At 11​:18 +0000 4/8/04\, Norbert Gruener (via RT) wrote​:

# New Ticket Created by Norbert Gruener # Please include the string​: [perl #28369] # in the subject line of all future correspondence about this issue. # \<URL​: http​://rt.perl.org​:80/rt3/Ticket/Display.html?id=28369 > ----------------------------------------------------------------- [Please enter your report here]

My name is Norbert Gruener. I am owner and maintainer of the Perl XS module AFS.

Recently I got two reports that my module is crashing under "Debian unstable" while it is running under "Debian stable". I could isolate the problem to the following situation. When I am using the "threaded" version

"perl\, v5\.8\.3 built for i686\-linux\-thread\-multi"

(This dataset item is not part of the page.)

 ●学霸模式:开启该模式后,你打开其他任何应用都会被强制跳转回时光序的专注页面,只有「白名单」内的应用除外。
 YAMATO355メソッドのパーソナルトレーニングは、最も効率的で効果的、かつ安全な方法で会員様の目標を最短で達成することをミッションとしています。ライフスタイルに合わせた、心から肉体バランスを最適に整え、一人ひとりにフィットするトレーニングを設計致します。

then my module crashes. Whereas if I am using the version without "threading"

"perl\, v5\.8\.3 built for i686\-linux"

everything is working and no segmentation fault shows up.

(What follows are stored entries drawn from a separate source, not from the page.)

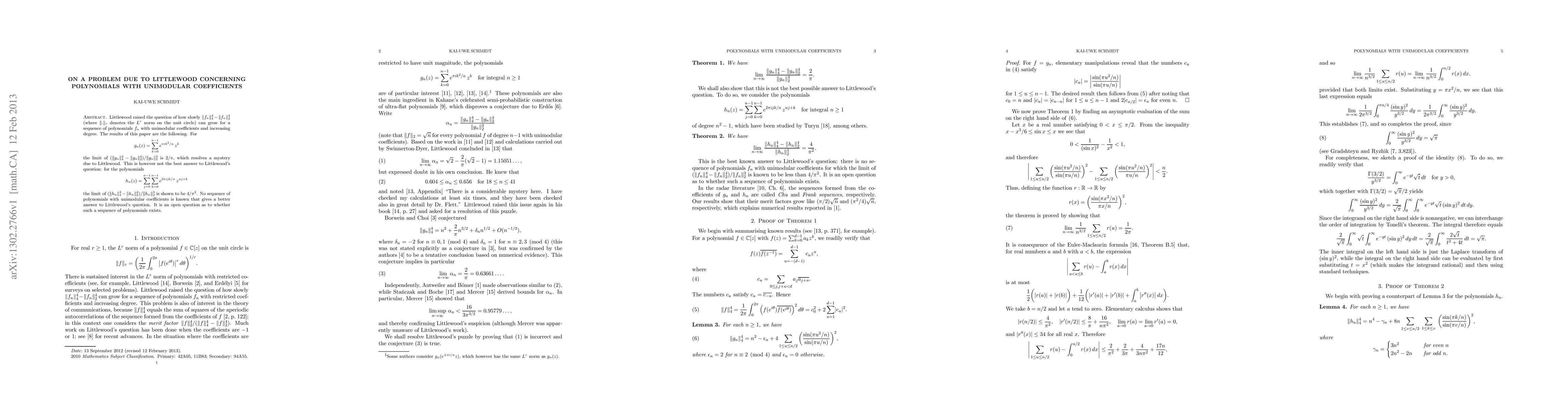 Littlewood raised the question of how slowly ||f_n||_4^4-||f_n||_2^4 (where ||.||_r denotes the L^r norm on the unit circle) can grow for a sequence of polynomials f_n with unimodular coefficients and increasing degree. The results of this paper are the following. For g_n(z)=\sum_{k=0}^{n-1}e^{\pi ik^2/n} z^k the limit of (||g_n||_4^4-||g_n||_2^4)/||g_n||_2^3 is 2/\pi, which resolves a mystery due to Littlewood. This is however not the best answer to Littlewood's question: for the polynomials h_n(z)=\sum_{j=0}^{n-1}\sum_{k=0}^{n-1} e^{2\pi ijk/n} z^{nj+k} the limit of (||h_n||_4^4-||h_n||_2^4)/||h_n||_2^3 is shown to be 4/\pi^2. No sequence of polynomials with unimodular coefficients is known that gives a better answer to Littlewood's question. It is an open question as to whether such a sequence of polynomials exists.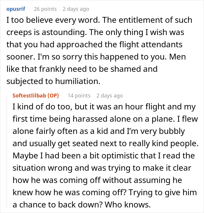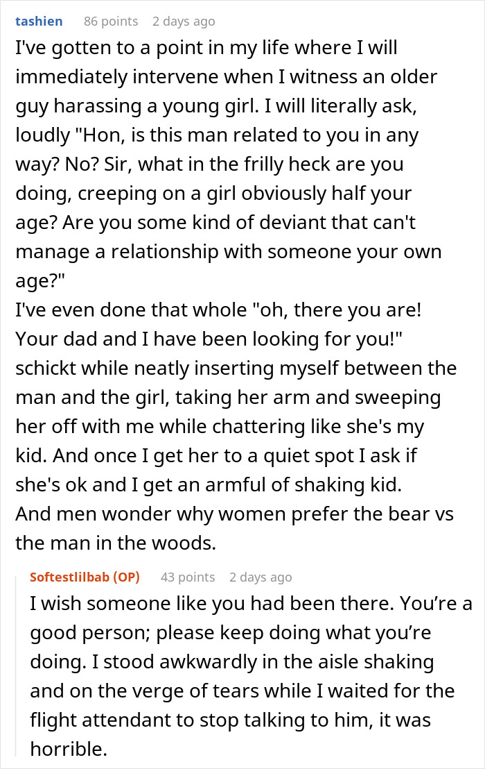 When Reddit user Softestlilbab was sixteen years old and flying to meet her dad, she ended up sitting in a row with a stranger who got increasingly interested in her as the trip went on. Learning that the girl was a minor didn’t stop him either.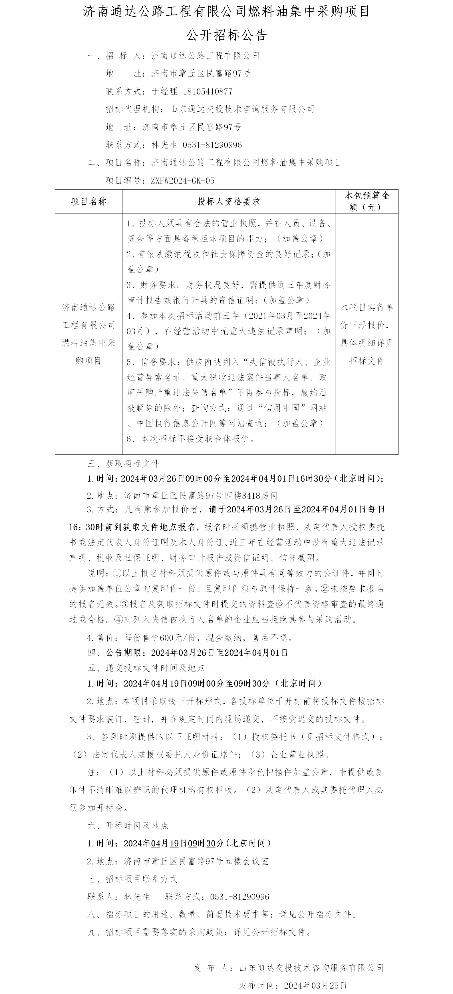 濟(jì)南通達(dá)公路工程有限公司燃料油集中采購(gòu)項(xiàng)目 公開(kāi)招標(biāo)公告

I don't know if this is of any interest for you or if you are saying "threads are not recommended\, so forget it"?

If you are interested in this case I can supply you with details of this problem.

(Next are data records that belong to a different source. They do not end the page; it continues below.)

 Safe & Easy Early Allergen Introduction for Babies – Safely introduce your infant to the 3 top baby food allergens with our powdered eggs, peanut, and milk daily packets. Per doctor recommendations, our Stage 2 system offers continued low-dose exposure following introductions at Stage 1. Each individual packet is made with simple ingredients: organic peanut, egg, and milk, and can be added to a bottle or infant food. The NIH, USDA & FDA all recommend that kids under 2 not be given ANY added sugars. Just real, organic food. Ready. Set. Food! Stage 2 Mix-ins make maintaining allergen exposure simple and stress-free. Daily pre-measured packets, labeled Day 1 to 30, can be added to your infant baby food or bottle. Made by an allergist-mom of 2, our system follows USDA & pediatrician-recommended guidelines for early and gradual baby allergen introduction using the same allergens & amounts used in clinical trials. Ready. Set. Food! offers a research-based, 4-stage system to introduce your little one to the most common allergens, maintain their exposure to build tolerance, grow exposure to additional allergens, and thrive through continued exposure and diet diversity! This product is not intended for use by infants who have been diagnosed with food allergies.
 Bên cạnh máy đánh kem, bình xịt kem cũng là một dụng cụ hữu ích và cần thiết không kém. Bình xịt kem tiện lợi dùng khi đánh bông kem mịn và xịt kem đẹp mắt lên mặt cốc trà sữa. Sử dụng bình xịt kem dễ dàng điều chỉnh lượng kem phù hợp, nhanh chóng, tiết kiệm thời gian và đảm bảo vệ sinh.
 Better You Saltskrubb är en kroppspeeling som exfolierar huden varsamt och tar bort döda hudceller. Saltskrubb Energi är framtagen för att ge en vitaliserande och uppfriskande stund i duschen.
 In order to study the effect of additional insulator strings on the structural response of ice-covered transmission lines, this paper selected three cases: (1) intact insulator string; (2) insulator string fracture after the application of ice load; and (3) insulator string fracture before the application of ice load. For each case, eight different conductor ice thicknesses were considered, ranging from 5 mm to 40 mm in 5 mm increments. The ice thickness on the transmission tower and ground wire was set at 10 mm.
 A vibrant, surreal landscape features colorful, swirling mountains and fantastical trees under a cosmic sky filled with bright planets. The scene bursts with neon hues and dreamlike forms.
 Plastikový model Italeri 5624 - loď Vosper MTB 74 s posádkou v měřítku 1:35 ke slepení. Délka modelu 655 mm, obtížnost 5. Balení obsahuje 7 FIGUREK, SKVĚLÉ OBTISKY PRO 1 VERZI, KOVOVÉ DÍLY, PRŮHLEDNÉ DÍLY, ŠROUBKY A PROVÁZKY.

Either that or build in some code so that the module refuses to operate in a threaded environment?

This is definitely _not_ enough to go on.

Does this only happen on Debian. Are other distributions unaffected or simply not tested?

Liz

p5pRT commented 20 years ago

The RT System itself - Status changed from 'new' to 'open'

p5pRT commented 20 years ago

From @iabyn

On Thu\, Apr 08\, 2004 at 11​:18​:49AM -0000\, Norbert Gruener wrote​:

My name is Norbert Gruener. I am owner and maintainer of the Perl XS module AFS.

Recently I got two reports that my module is crashing under "Debian unstable" while it is running under "Debian stable". I could isolate the problem to the following situation. When I am using the "threaded" version

"perl\, v5\.8\.3 built for i686\-linux\-thread\-multi" 

then my module crashes. Whereas if I am using the version without "threading"

"perl\, v5\.8\.3 built for i686\-linux"

everything is working and no segmentation fault shows up.

I don't know if this is of any interest for you or if you are saying "threads are not recommended\, so forget it"?

If you are interested in this case I can supply you with details of this problem.

Questions​:

Is the fault reproducable? Is it reproducable without having an AFS filesystem around? Is the code that is faulting actually multi-threaded code\, or is it just single-threaded code that happens to crash on a thread-enabled interpeter?

Dave.

-- Never do today what you can put off till tomorrow.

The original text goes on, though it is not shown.